● **Problem details**:
Retype the whole listing verbatim and keep the pictures out of it.

● **Material for this task**:
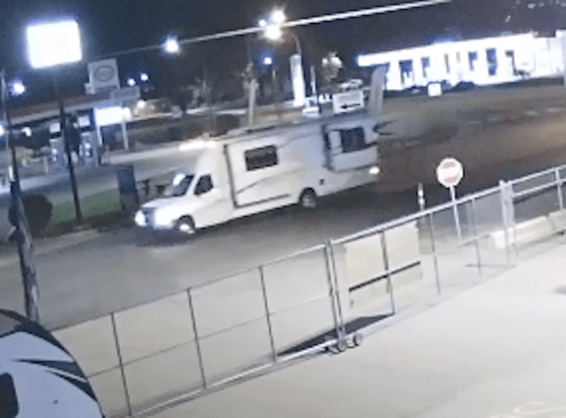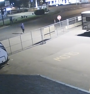 Surveillance video shows a male walking towards the motorhome and shortly after, the vehicle drives away. The male is wearing a blue hoodie, black pants and white runners.
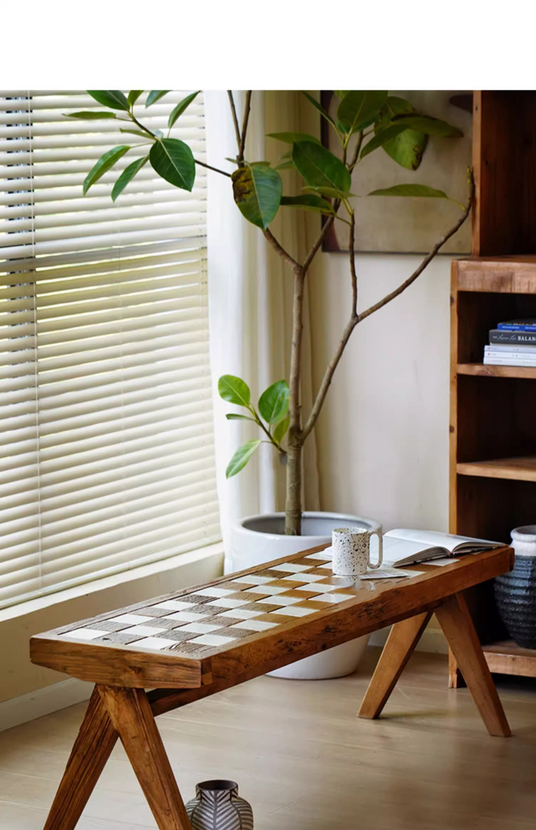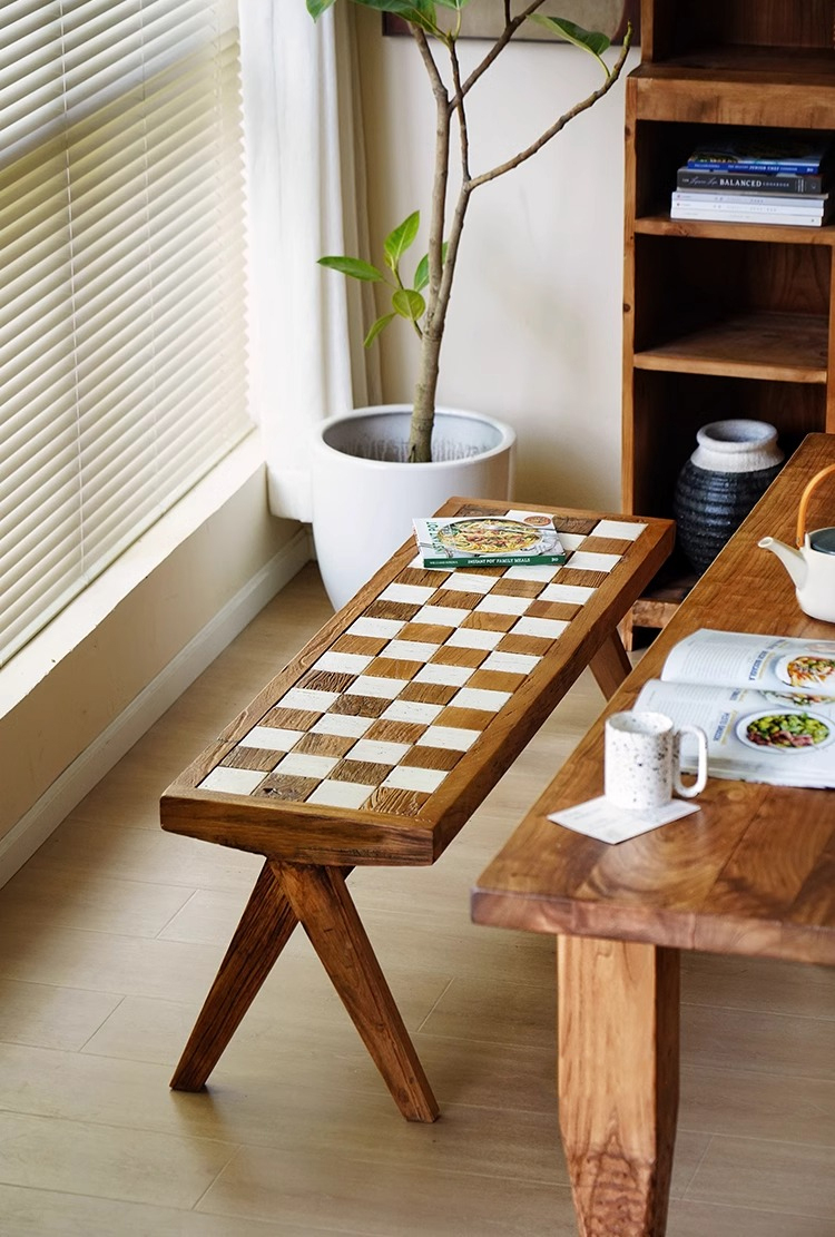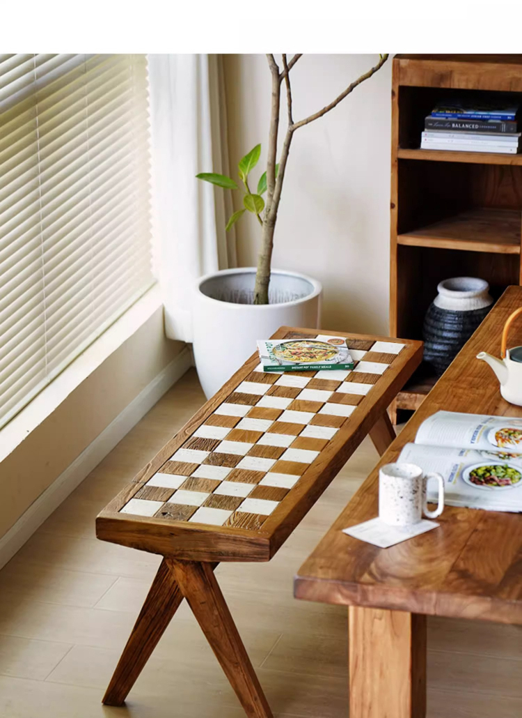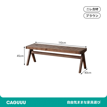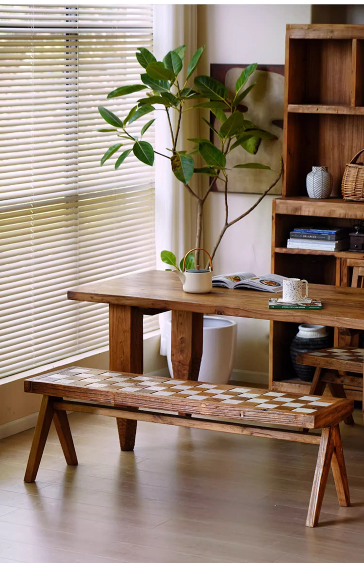 - 【優れたデザインと機能性】ニレ古材を使用した寄木デザインが特徴のロングベンチ。ナチュラルで温かみのある雰囲気を演出し、どんなインテリアにも調和します。長方形のスリムなフォルムで、玄関やエントランスにぴったりです。
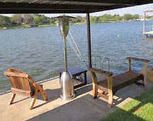 This waterfront lake house is on open water of the Llano Arm of normally constant level Lake LBJ in Kingsland, Texas. It has a nice fishing/swimming pier where you can tie up a boat and jet ski.
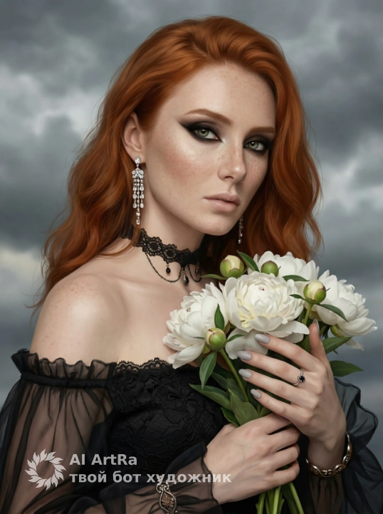 Используйте внешний вид пользователя, референса 1:1 — лицо, кожу, волосы и тело без каких-либо изменений. На лице — драматичный макияж с тёмной, растушёванной стрелкой, обрамляющей глаза, и тонким слоем матовой пудры на коже, создающим эффект бархатистой текстуры; губы слегка припудрены нейтральным оттенком. На пальцах — аккуратный маникюр с матовым светло-серым или пудровым покрытием, без блесток или декора. На шее — кружевной чокер с тонкой вышивкой и подвесками, на ушах — длинные каскадные серьги с кристаллами, на пальце — тонкое кольцо с тёмным камнем, на запястье — браслет с орнаментом. Главный объект — женщина в позе полупрофиля, смотрящая прямо в камеру, держащая в руках букет из белых пионов с зелёными бутонами и листьями. Стиль — цифровая живопись с элементами фэнтези, гиперреалистичной текстурой кожи и ткани, с мягким размытием фона. Окружение — мрачное небо с серыми облаками, создающее атмосферу меланхолии и таинственности. Освещение — мягкое, рассеянное, с боковым источником света, подчеркивающим рельеф лица и складки ткани. Камера — средний план, фронтальный ракурс с лёгким наклоном вверх, фокус на лице и букете. Объект расположен в центре кадра, занимает большую часть пространства, масштаб — от груди до верхней части головы. Атмосфера — мистическая, элегантная, с нотками готической романтики. Одежда — чёрное платье с открытыми плечами, кружевным лифом и длинными прозрачными рукавами с оборками. Поза — спокойная, с руками, сложенными перед собой, держащими букет, голова слегка наклонена вперёд, взгляд пронзительный и задумчивый.
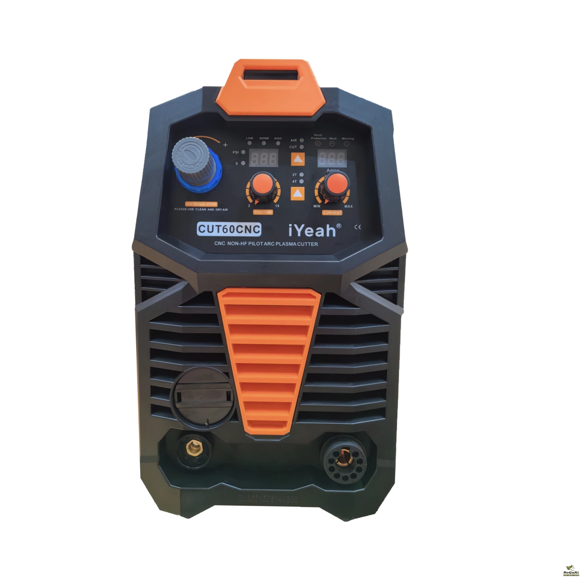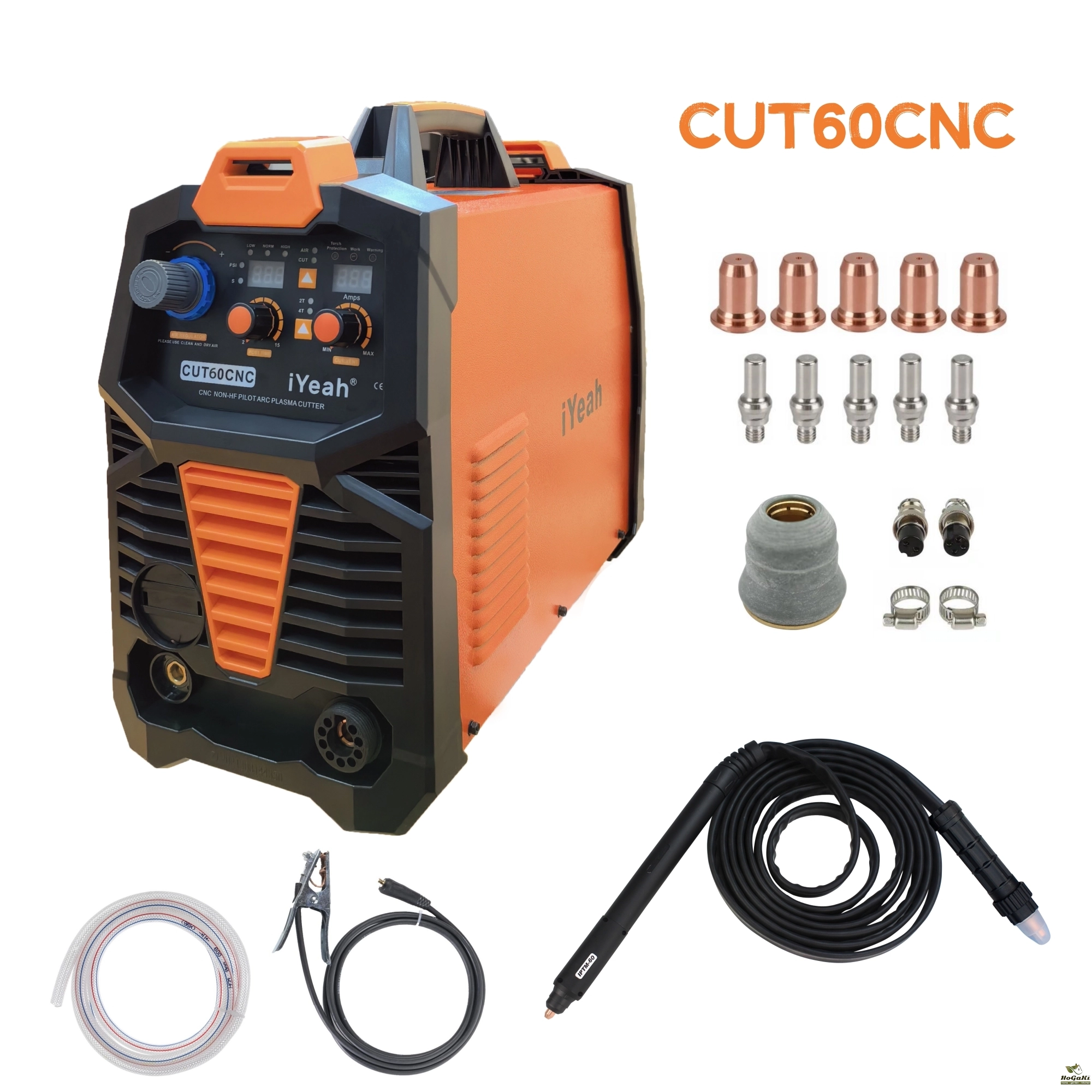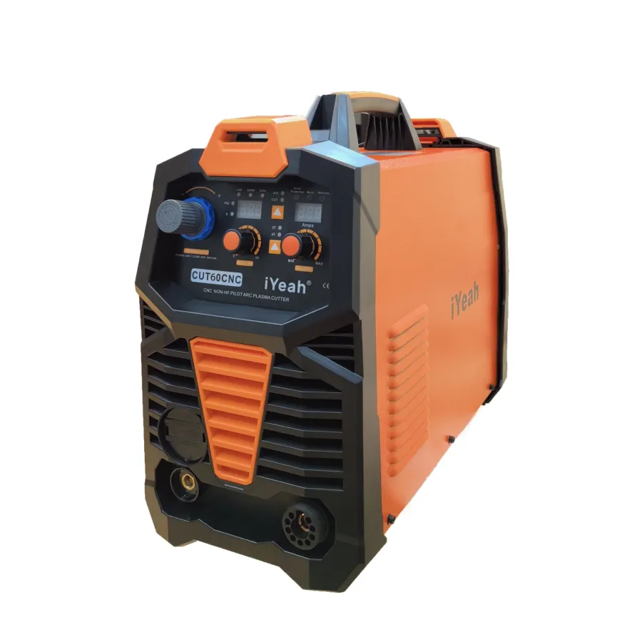 IGBT Non-HF Pilot arc Plasma cutting machine CUT60CNC is developed by iYeah Technology Co., Ltd, On rear of machine have CNC port, Can easy with CNC system. Non-HF pilot arc Heavy Duty efficient Digital controller. This machine is single phase/three-phase inverter cutting machines on the market. With quality torch fixed safety plasma plug, The fast connection quick to release torch and ground clamp. The machine is easy to operate in terms of settings, Display show cutting amps help user adjust the current to cut different metal. Cutting thickness for this machine is 20mm at 70 psi with good performance, Max cutting thickness can reach at 25mm if needed for a short run. Torch standoff and 5 set of consumables included.

● **Written answer**:
 Surveillance video shows a male walking towards the motorhome and shortly after, the vehicle drives away. The male is wearing a blue hoodie, black pants and white runners.
 - 【優れたデザインと機能性】ニレ古材を使用した寄木デザインが特徴のロングベンチ。ナチュラルで温かみのある雰囲気を演出し、どんなインテリアにも調和します。長方形のスリムなフォルムで、玄関やエントランスにぴったりです。
 This waterfront lake house is on open water of the Llano Arm of normally constant level Lake LBJ in Kingsland, Texas. It has a nice fishing/swimming pier where you can tie up a boat and jet ski.
 Используйте внешний вид пользователя, референса 1:1 — лицо, кожу, волосы и тело без каких-либо изменений. На лице — драматичный макияж с тёмной, растушёванной стрелкой, обрамляющей глаза, и тонким слоем матовой пудры на коже, создающим эффект бархатистой текстуры; губы слегка припудрены нейтральным оттенком. На пальцах — аккуратный маникюр с матовым светло-серым или пудровым покрытием, без блесток или декора. На шее — кружевной чокер с тонкой вышивкой и подвесками, на ушах — длинные каскадные серьги с кристаллами, на пальце — тонкое кольцо с тёмным камнем, на запястье — браслет с орнаментом. Главный объект — женщина в позе полупрофиля, смотрящая прямо в камеру, держащая в руках букет из белых пионов с зелёными бутонами и листьями. Стиль — цифровая живопись с элементами фэнтези, гиперреалистичной текстурой кожи и ткани, с мягким размытием фона. Окружение — мрачное небо с серыми облаками, создающее атмосферу меланхолии и таинственности. Освещение — мягкое, рассеянное, с боковым источником света, подчеркивающим рельеф лица и складки ткани. Камера — средний план, фронтальный ракурс с лёгким наклоном вверх, фокус на лице и букете. Объект расположен в центре кадра, занимает большую часть пространства, масштаб — от груди до верхней части головы. Атмосфера — мистическая, элегантная, с нотками готической романтики. Одежда — чёрное платье с открытыми плечами, кружевным лифом и длинными прозрачными рукавами с оборками. Поза — спокойная, с руками, сложенными перед собой, держащими букет, голова слегка наклонена вперёд, взгляд пронзительный и задумчивый.
 IGBT Non-HF Pilot arc Plasma cutting machine CUT60CNC is developed by iYeah Technology Co., Ltd, On rear of machine have CNC port, Can easy with CNC system. Non-HF pilot arc Heavy Duty efficient Digital controller. This machine is single phase/three-phase inverter cutting machines on the market. With quality torch fixed safety plasma plug, The fast connection quick to release torch and ground clamp. The machine is easy to operate in terms of settings, Display show cutting amps help user adjust the current to cut different metal. Cutting thickness for this machine is 20mm at 70 psi with good performance, Max cutting thickness can reach at 25mm if needed for a short run. Torch standoff and 5 set of consumables included.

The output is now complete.